その言葉通り、バスケットに夢中なのだ、彼は。良くバスケ雑誌を手にしているし、何より部活中の高橋は想像が出来ないくらい格好良い。ボールを追う時のキラキラした瞳、皮肉じゃなくて、心底から楽しいと笑う唇。冷徹、という何時ものイメージが快活に変わる。不機嫌キャラが爽やかキャラになる。
まるで二重人格者。
だから誰の告白も受けない。
「もったいない……」
心にも無い言葉を呟いたのは、浮かんだどす黒い思いを嚥下出来なかった仕返しみたいなもので。
純然たる嫌味を、高橋も嫌味で返してきた。
「その言葉、そっくりそのまま返す」
――やっぱり腹立つ。
「大体理子、俺みたいに夢中なもん無いんだから」
誰でもいいから付き合えばいいべさ、と。
何気ない様に言われて、心臓がきゅっと縮むのが分かった。
「私にだって、夢中なものくらいあります」
「へぇ、何」
と片眉を上げる高橋の顔を直視出来ずに、顔を窓の外に向けた。
いい天気だ。雲一つ無い、青空。私の心の中とは違って清々しい程晴れやか。
こちらに全く興味を削がれて二人世界に入ってしまった背後。鈴を転がすように笑う菜穂の声に、佐久間君の落ち着いた笑い声が重なる。

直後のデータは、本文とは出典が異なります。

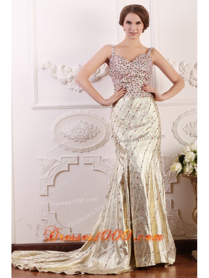 Diamonds Decorated Straps Trumpet Court Train Prom Dresses
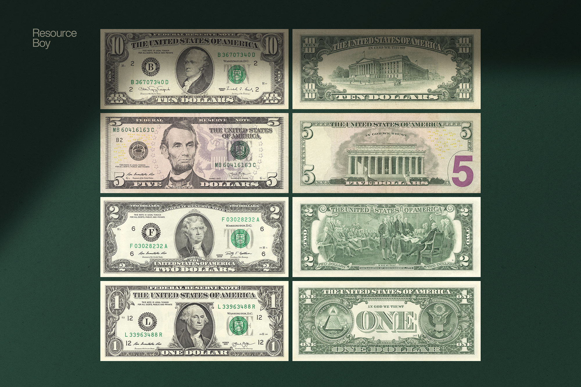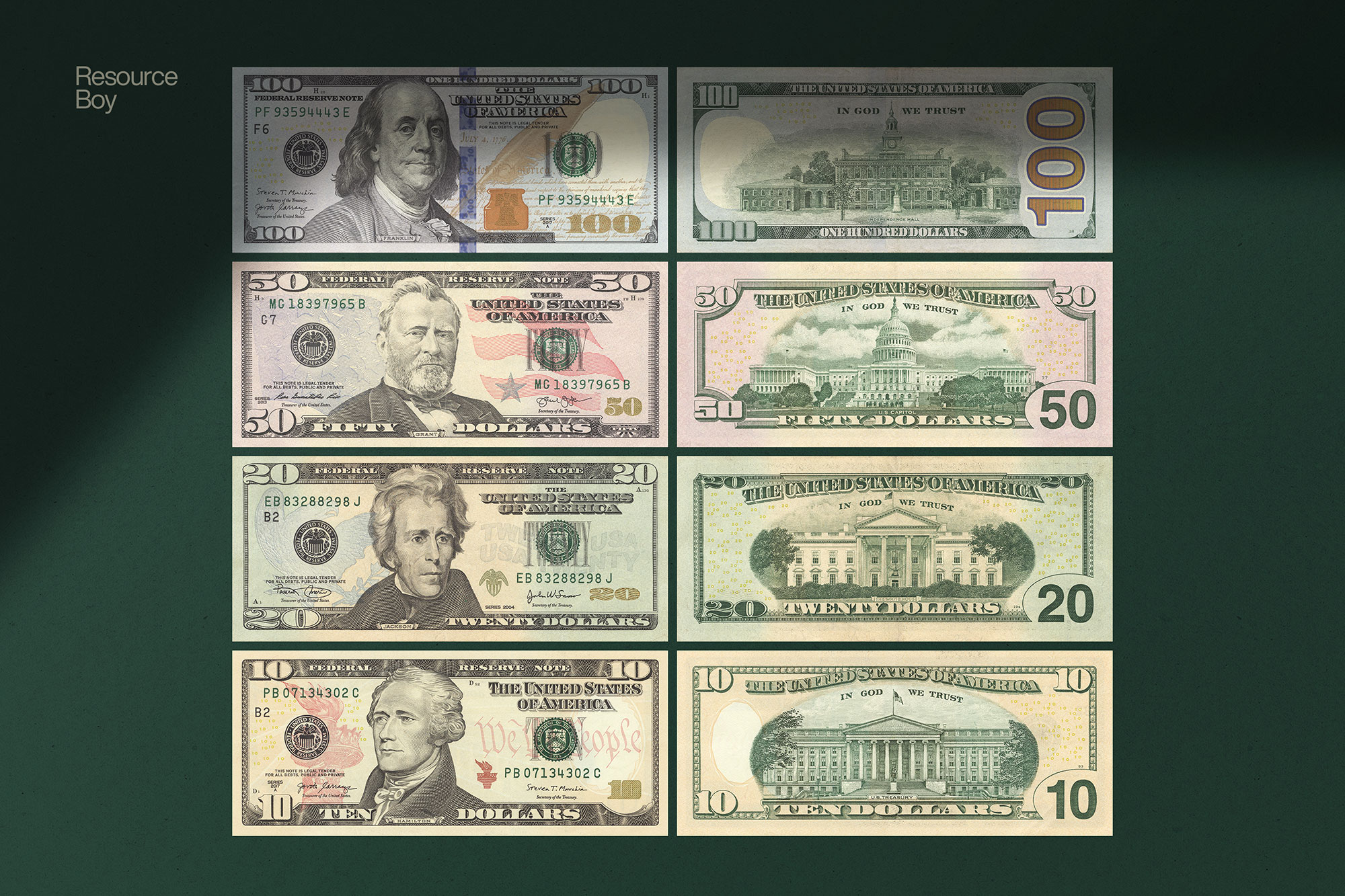 16 dree Dollar – paper money textures or PNG shapes from Resource Boy. Download & enjoy đ

私の返答に然程の興味も無かったのだろう高橋は、思い出したように呟いた。
「傍にいるだけで満足って、そんなわけねーだろっつうの」
どうやら今回の告白相手はバスケ優先と答えた高橋に、そう言ってきたらしい。
「……傍にいるだけで満足できたら、苦労しないよね……」
私がそんな事を言うとは思ってなかったのだろう黒い瞳。鋭利な眦が若干下がった。
「お前も?」
多分同じ台詞で告白された事があるとでも勘違いしたんだろう。嬉しそうに笑いやがってまあ。
同志見つけたり、と薄い唇が歪む。
君に対して、私が持ってる感情ですよ。
そう思いながらも私は、ありったけの作り笑いを浮かべてやった。